Rien ne sert d’avoir des clefs, si l’on n’est pas capable d’ouvrir, si l’on n’a pas, soi-même, une certaine capacité d’ouverture. Pierre est celui qui ouvre. L’Eglise doit être celle qui ouvre. Celle qui éveille les esprits à l’intelligence du mystère de Dieu, celle qui éveille les cœurs à l’accueil de la tendresse de Dieu, celle qui dégage les portes de l’espérance et du pardon. Celle qui, de ses mains fragiles, livre passage à l’Amour du Dieu Père, Fils et Esprit. Si nous sommes nous-mêmes proches de Dieu, nous pourrons devenir des passeurs.

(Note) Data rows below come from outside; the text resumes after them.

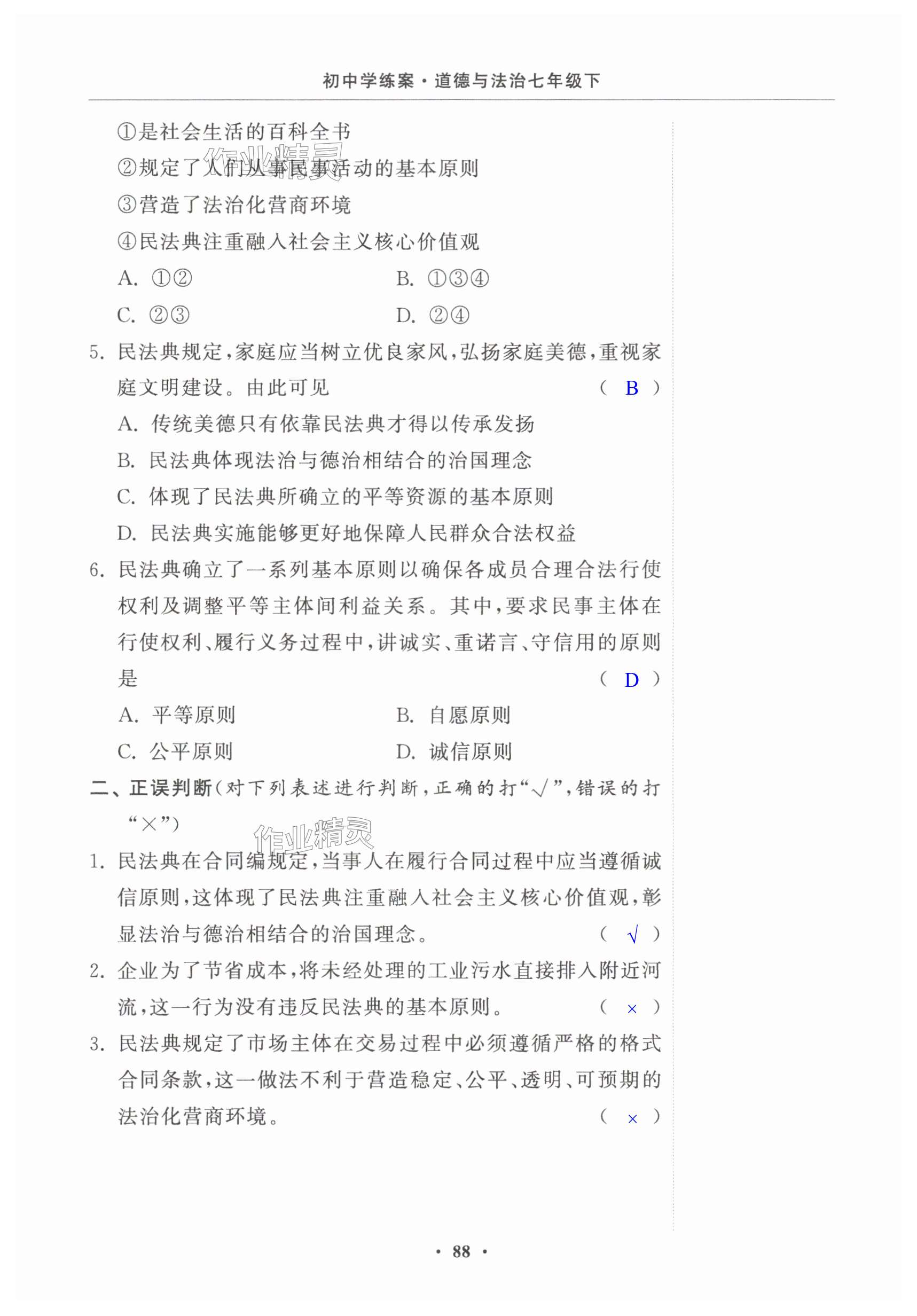 注:目前有些书本章节名称可能整理的还不是很完善,但都是按照顺序排列的,请同学们按照顺序仔细查找。练习册 2025年初中学练案七年级道德与法治下册人教版 答案主要是用来给同学们做完题方便对答案用的,请勿直接抄袭。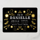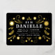 Célébrez un anniversaire thématique du Jour des Morts avec ces invitations mignonnes avec des fleurs en feuille d'or luxueuses entourant vos détails de fête en lettres blanches sur un arrière - plan noir.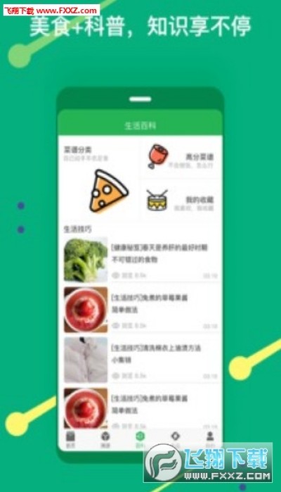 3、百科:菜谱、生活技巧,喜欢的内容一键收藏一键分享;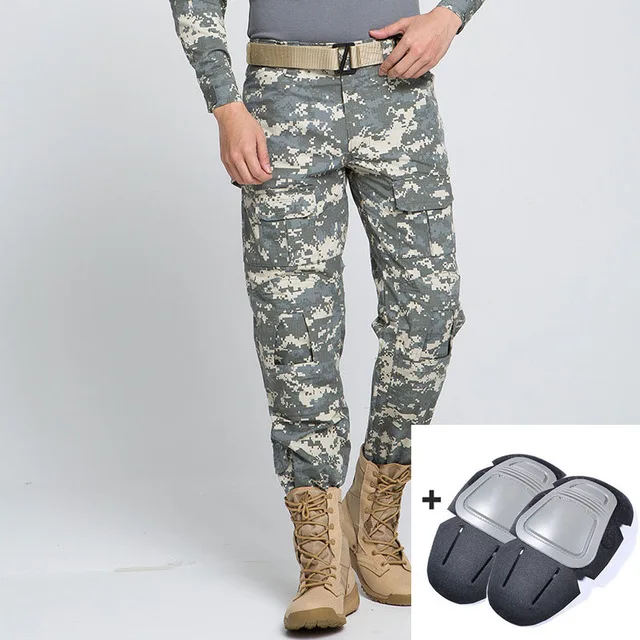 Брюки-карго мужские тактические в стиле милитари, камуфляжные брюки с наколенниками, рабочие штаны, армейские охотники, спецназ, боевые штаны

“Tu es le Christ, le Fils du Dieu vivant. En disant très fort que Jésus est le Christ, Pierre invite le monde entier à entrer dans sa foi. Mais il lui faudra passer par l’épreuve de sa fragilité, pour perdre l’illusion de propre solidité. On lit le jour des Rameaux, dans le récit de la Passion, le passage où Pierre se vante d’être solide : « Si tous viennent à tomber à cause de toi, moi je ne tomberai jamais. » (Matthieu 26, 33). Et on sait qu’il reniera. Et qu’il devra, au-delà des larmes de son reniement, redire humblement son amour : “Seigneur, tu sais tout : tu sais bien que je t’aime.” (Jean 21, 17) Alors, et alors seulement, il saura affermir ses frères et leur ouvrir “la profondeur dans la richesse, la sagesse et la science de Dieu” comme Saint Paul le dit dans la seconde lecture. L’abbé Pierre disait : “Lorsque nous arriverons à la fin de notre vie, on ne nous demandera pas si nous avons été croyants, mais si nous avons été crédibles.”

L’Évangile d’aujourd’hui est l’Evangile d’un double baptême : - “Tu es le Messie, le Fils du Dieu vivant.” – “Tu est Pierre et sur cette pierre je bâtirai mon Église.”

La rentrée approche. Et si on se préparait à traiter chacun comme il convient. Et si on se préparait à donner à chacun de ceux qu’on va rencontrer un nom d’avenir, un nom de ressuscité, sur lequel la mort ne pourra rien, un nom d’ouverture et non pas de classement et de fermeture. Le contraire de ce qui faisait crier un petit un jour : “Il m’a traité de tous les noms, sauf du mien.”

Toi, Seigneur, qui as ouvert les yeux des aveugles et les oreilles des sourds, donne-nous aujourd’hui la seule clé qui nous manque : celle qui ne verrouille pas, mais libère. Alors nous ouvrirons à tous les hommes les portes du Royaume.”